Xena Glas Movement EP (Self-Released)

Movement is as much a chronicle of Xena Glas’s journey from Texas to Brooklyn as it is a sonic meditation on finding our place within different spaces. Her voice is the beacon tying together all the disparate pathways, heightened by expressive synth arrangements, fractured rhythms, and processed field recordings that add a granular ambiance throughout. Glas shapes her vocal lines into spiraling sonic architecture that commands our focus. The sculptural effect against shapeless, emotive electronics is transfixing, as though each peculiar melody is a timeless secret being whispered through astral channels.

Nick Storring Music from W​é​i 成为 (Orange Milk)

Music from W​é​i 成为 sings with whimsical movement and emotive resonance. Written as a score for Yvonne Ng’s quintet dance W​é​i 成为, Storring crafts songs that walk across the spatial plane with elegant force. Using a single instrument (piano – all kinds, played in so many different ways) as the seed, the shifting sonic palette veers toward pointillist melodies that expand into roiling metallic waves. As these songs move, the palette expands outward, causing our focus to sharpen. Storring’s one-person-orchestra approach has always felt intimate and distinctive, but as Music from W​é​i 成为 pushes that idea further, something new emerges. This is a stunning record.  

“A” Trio Folk (Al Maslakh)

As Lebanon’s oldest free improvisation group, “A” Trio is on a telekinetic trip throughout the stellar Folk. Rhythms pop along the surface, rising and falling with the energy flowing between the three musicians. Because they’ve played together for so long, the freedom in these sounds is heightened by how it’s deeply interconnected. Each arm of the beast moves in conjunction with the others. Frenetic soundscapes bleed into stoic drones. The cataclysms buried beneath our feet are unearthed with a sputtering howl. Acoustic guitar strings are fried and bent to the point of breaking, but everything remains tightly wound and flowing with synchronicity. Stellar.

Cache Mirrors History of a Closed Circuit (Repeating Cloud)

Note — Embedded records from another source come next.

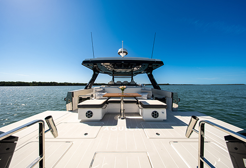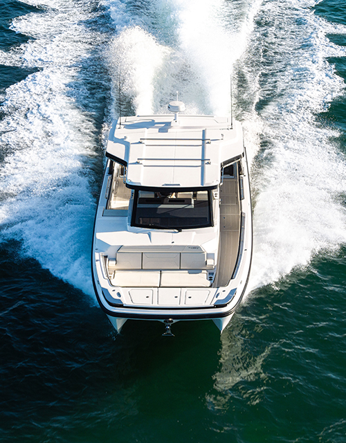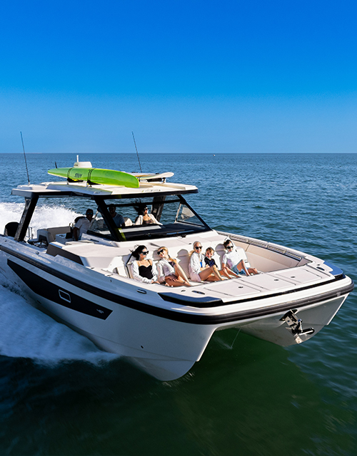 Aquila Catamarans was founded on a belief that better was possible; and that the best way to get Out There was to think out there. With decades of boatbuilding experience and a global collaboration of award-winning designers and engineers, Aquila has become the world leader in performance-driven, innovation-packed catamarans. The Aquila 45 Sport power catamaran delivers the speed, openness and versatility to make it all happen.
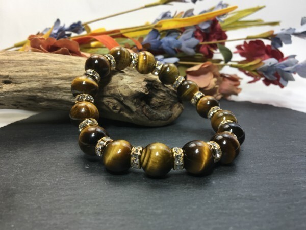 - パワーストーン ブレスレット タイガーアイ 12mm 天然石ブレス ゴールド 開運 金運 浄化 数珠ブレス メンズ 男性
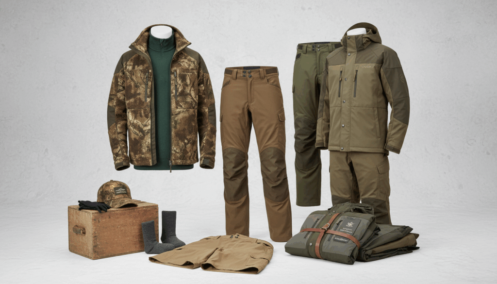 Udvalget omfatter herre-, dame- og unisex-snit, shorts som Northward og Matobo samt tilbehør som Merino-sokker og Windstopper-handsker. Camouflage-mønstre som Realtree EXCAPE og lag-på-lag-design gør Deerhunter-velegnet til jagt og friluftsliv. Nøglekriterier ved køb er materialer, vandtæthed og åndbarhed, 4-vejs stræk, holdbarhed, pasform og muligheden for lag-på-lag-udstyr. Sortimentet spænder fra lette sommershorts til varme vinterjakker og tætte regnjakker.
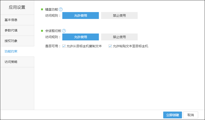 (2)限制是否允许使用会话剪切板功能,也就是是否允许目标应用与用户电脑进行文字字符复制粘贴;
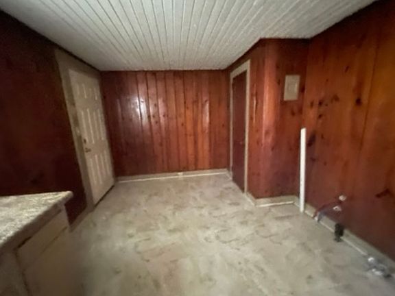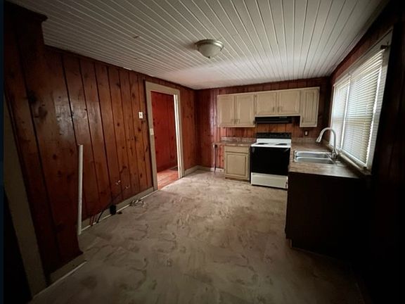 3 bed, 1 bath house with knotty pine walls, partial wood floors and updated kitchen. Central Heat. 2 window units for AC
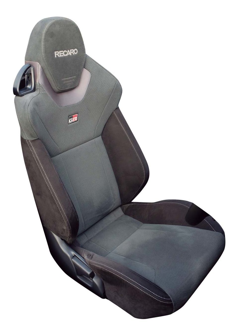 GRスポーツ専用のスポーティなデザイン・配色がなされたシートです。世界的シートブランドのRECARO社製で、身体の収まりもよく、高速コーナーでも横Gで身体を持っていかれることが少なく、安心です。リクライニング機能も付いています。
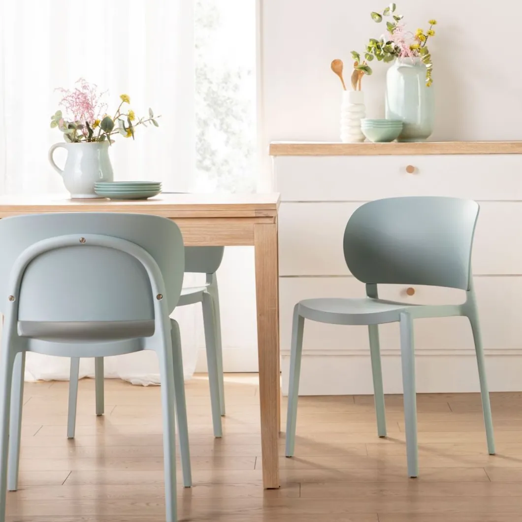 ¡Aprovéchate de este pack! La silla de comedor Jana es un diseño elegante con líneas estilizadas de aire vintage fabricada en polipropileno, por lo que es una opción perfecta para colocar allá donde la necesites, ya sea en tu cocina, como silla de escritorio o en tu jardín o balcón. Elige cualquiera de los 3 colores disponibles en nuestra web y combínalas a tu gusto. Para mayor durabilidad de la silla, aconsejamos que se evite la exposición de la misma a fenómenos meteorológicos.
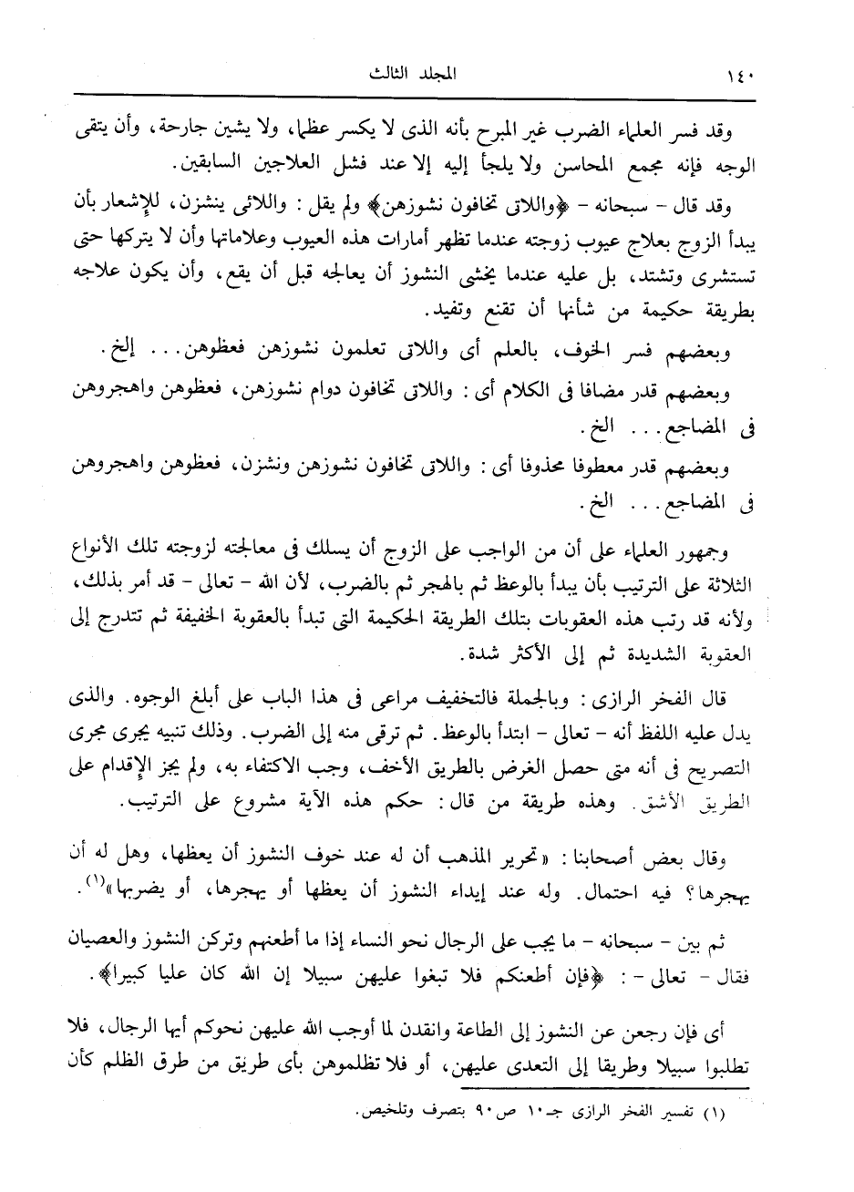 وجمهور العلماء على أن من الواجب على الزوج أن يسلك في معالجته لزوجته تلك الأنواع الثلاثة على الترتيب بأن يبدأ بالوعظ ثم بالهجر ثم بالضرب، لأن الله- تعالى- قد أمر بذلك، ولأنه قد رتب هذه العقوبات بتلك الطريقة الحكيمة التي تبدأ بالعقوبة الخفيفة ثم تتدرج إلى العقوبة الشديدة ثم إلى الأكثر شدة.
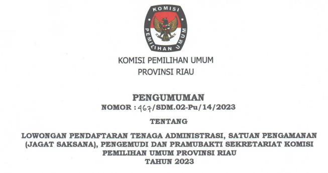 Berikut Disampaikan Pengumuman Nomor : 467/SDM.02-Pu/14/2023 Tentang Lowongan Pendaftaran Tenaga Administrasi, Satuan Pengamanan (Jagat Saksana), Pengemudi dan Pramubakti Sekretariat KPU Provinsi Riau Tahun 2023.

Slow days roll off the calendar like a quixotic breeze caressing the last leaves hanging on for dear life. Cache Mirrors’ beautiful new album, Closed Circuit, sits in pensive moments just long enough. Strings tie interjacent drones into gently expanding landforms, hushed and miraculous with each new dawn. Through reflective piano arrangements and spiraling guitarscapes, Closed Circuit finds a balance between emotional depth and spirited elegance. Invisible harmonies play out in the skies above as though they’re holographic birds flickering against the night. Cache Mirrors beckons us into this wonderful, sweeping narrative.

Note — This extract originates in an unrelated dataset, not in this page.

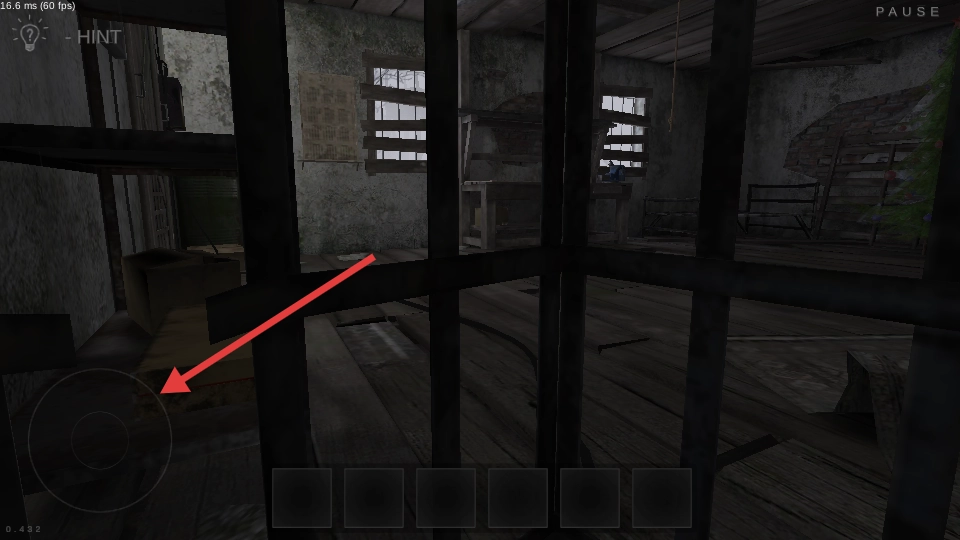 1、开局先和铁笼子培养感情,等疯子出门倒垃圾的空档,赶紧疯狂点击那些看起来可疑的墙缝。
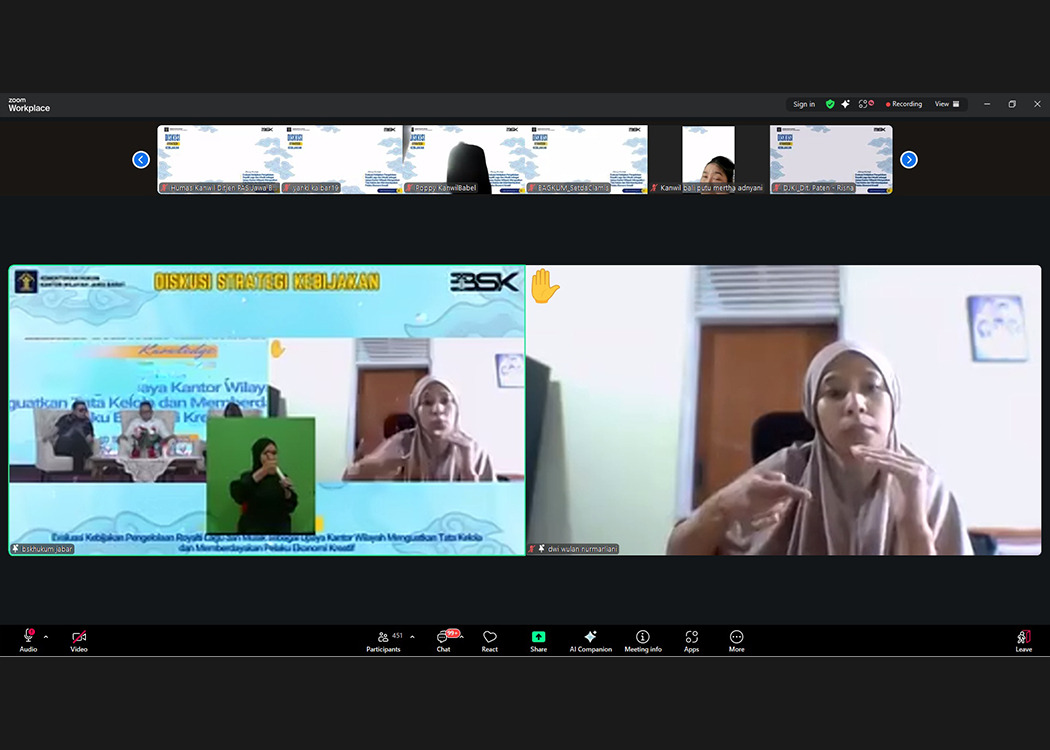 Kabid Yan KI Kemenkum Jabar, Ery Kurniawan, memaparkan hasil temuan evaluasi di lapangan yang menyoroti sejumlah kendala, seperti distribusi royalti yang belum transparan, rendahnya kepatuhan pengguna, disharmoni antara Lembaga Manajemen Kolektif (LMK) dan Lembaga Manajemen Kolektif Nasional (LMKN), serta minimnya sistem digital yang terintegrasi.

Euphotic Conjugate Regions (IKUISUUS)

Strange landscapes emerge from a neon mist. In the distance, sacred songs stretch above the globular architecture, spinning geometric clouds into aerial sound waves. The trio of Cheryl E. Leonard, Bryan Day, and Tom Djil use countless unimaginable techniques to repurpose the familiar into something alien. Certain textures and tonal essences on Conjugate Regions register in our brains before being twisted and turned on their heads. Something new appears on the other side of this sonic matrix. Drones dive through liquid mercury into symmetric circuit boards. Clunking arrhythmia pretends to offer guideposts, but it’s another mirage swallowed by whirring aural spindles and glassine speculation. This sound world is incredible, and even after multiple listens, I’ve only scratched the surface. Massive recommendation.

Stroke of Midnight s/t (Hot Releases)

This short, memorable debut from Philadelphia’s Stroke of Midnight (aka Chrissy Jones) is an ephemeral cache. Over four songs, she immediately throws us into a liminal mirror world where surrealist dreams become living memories. Relaxed disco anthems swim through cotton candy seas accentuated by spangled synth leads, harp glissandos, and distant arpeggios. Jones’s voice is the fuel for this lucid fire, though. It’s a spectral centerpiece, the axis point on which every liquid sonic spirit hangs. Stroke of Midnight is a dark and hypnotic gem.